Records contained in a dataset
══════════

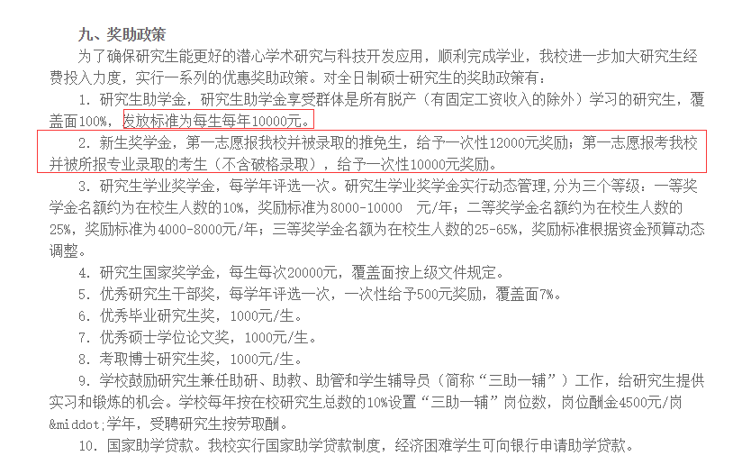 2.新生奖学金,第一志愿报我校并被录取的推免生,给予一次性12000元奖励;第一志愿报考我校并被所报专业录取的考生(不含破格录取),给予一次性10000元奖励。
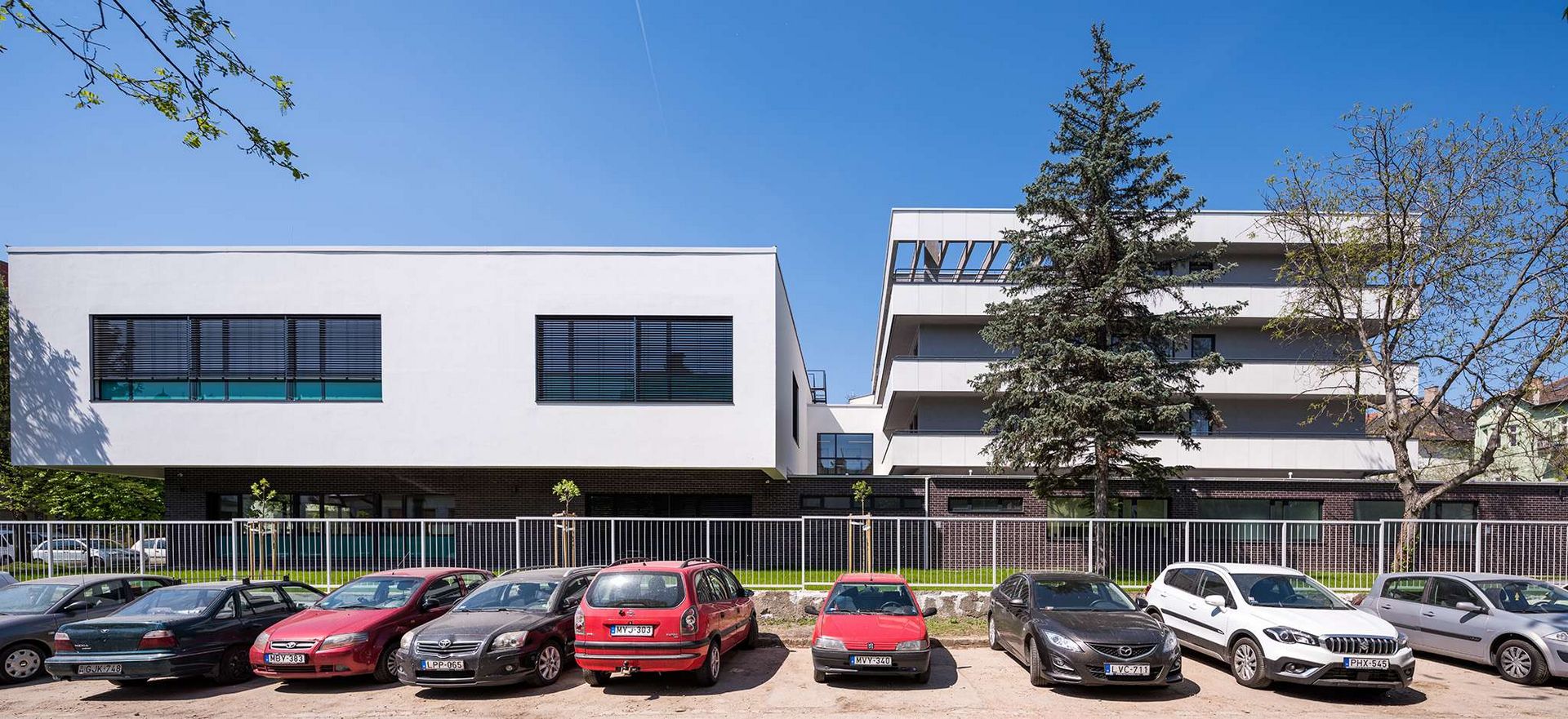 Budapest XIV. kerületében található a Magyar Táncművészeti Egyetem épülete, melynek átalakítása és bővítése terveink alapján készült.
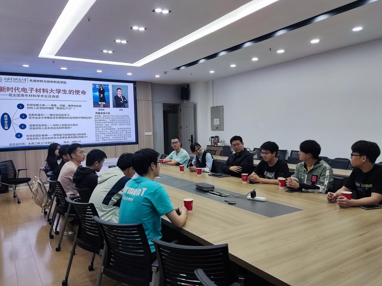 4月23日19点到20点,“新时代电子材料大学生的使命——观全国青年材料研讨会议有感”本科生座谈会在G楼G142会议室召开,材料学院雷毅敏和周龙两位老师受邀与大一至大三的本科生代表共聚一堂,深入探讨了如何在新时代背景下如何肩负起材料领域的使命与担当。
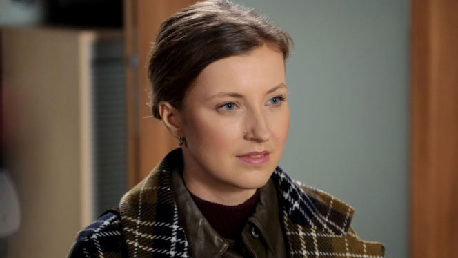 Portret Natalki Mostowiak z "M jak miłość" (Dominika Suchecka) w zbliżeniu, ukazujący jej zamyśloną minę i delikatny makijaż, ubraną w kraciastą kurtkę. Obraz odzwierciedla emocjonalny kontekst nadchodzących wydarzeń w serialu, o których przeczytasz na Super Seriale.
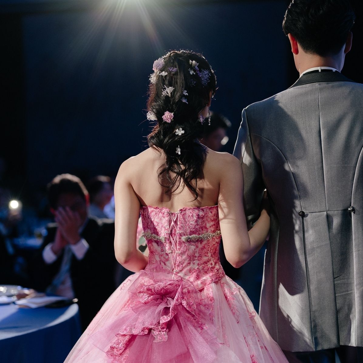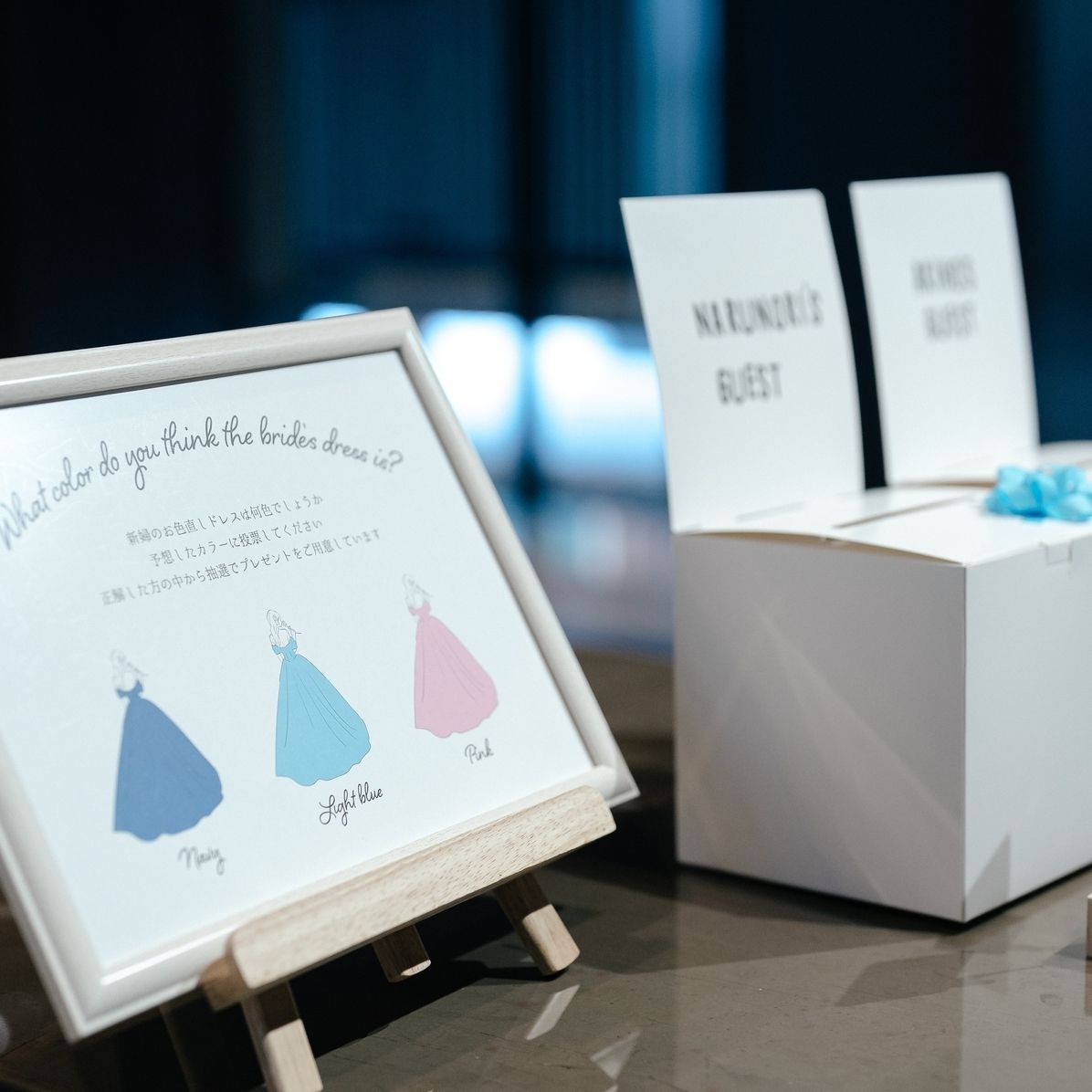 非日常感が欲しかったので、小物や装花は透明感を意識したり、洋画に使用されている音楽をたくさん使用しました。
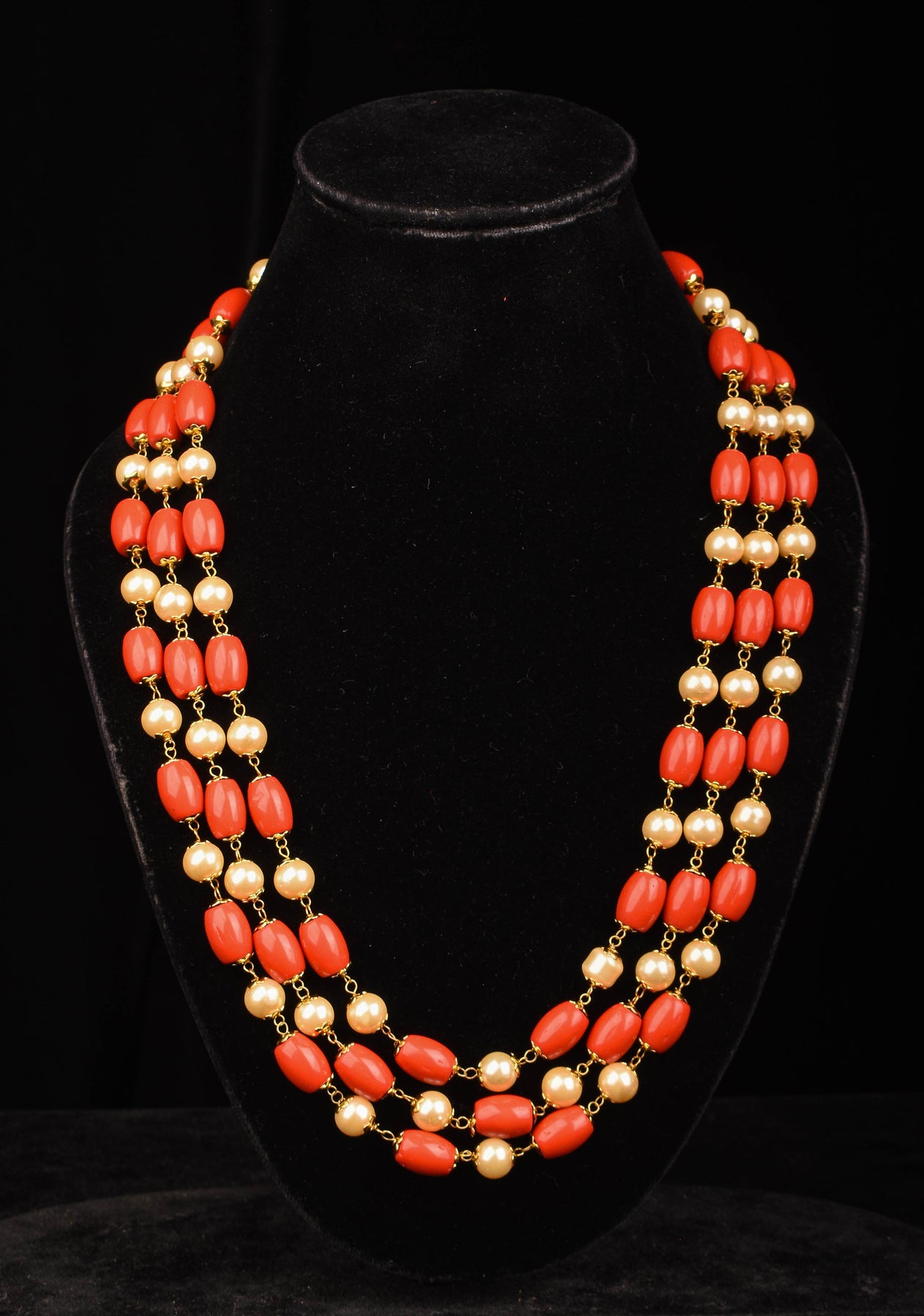 The 3-Layered Coral Necklace with Pearl Accents is a beautifully crafted accessory that blends coral beads with the elegance of pearl accents. With its multi-layered design, this necklace offers a chic and sophisticated look, perfect for enhancing both casual and formal outfits. Its unique combination of colors and textures makes it a versatile and eye-catching piece for any occasion.

══════════

ACTION ITEM: Leave every picture out. Retype the remaining data exactly.

ANSWER TO THIS TASK:
 2.新生奖学金,第一志愿报我校并被录取的推免生,给予一次性12000元奖励;第一志愿报考我校并被所报专业录取的考生(不含破格录取),给予一次性10000元奖励。
 Budapest XIV. kerületében található a Magyar Táncművészeti Egyetem épülete, melynek átalakítása és bővítése terveink alapján készült.
 4月23日19点到20点,“新时代电子材料大学生的使命——观全国青年材料研讨会议有感”本科生座谈会在G楼G142会议室召开,材料学院雷毅敏和周龙两位老师受邀与大一至大三的本科生代表共聚一堂,深入探讨了如何在新时代背景下如何肩负起材料领域的使命与担当。
 Portret Natalki Mostowiak z "M jak miłość" (Dominika Suchecka) w zbliżeniu, ukazujący jej zamyśloną minę i delikatny makijaż, ubraną w kraciastą kurtkę. Obraz odzwierciedla emocjonalny kontekst nadchodzących wydarzeń w serialu, o których przeczytasz na Super Seriale.
 非日常感が欲しかったので、小物や装花は透明感を意識したり、洋画に使用されている音楽をたくさん使用しました。
 The 3-Layered Coral Necklace with Pearl Accents is a beautifully crafted accessory that blends coral beads with the elegance of pearl accents. With its multi-layered design, this necklace offers a chic and sophisticated look, perfect for enhancing both casual and formal outfits. Its unique combination of colors and textures makes it a versatile and eye-catching piece for any occasion.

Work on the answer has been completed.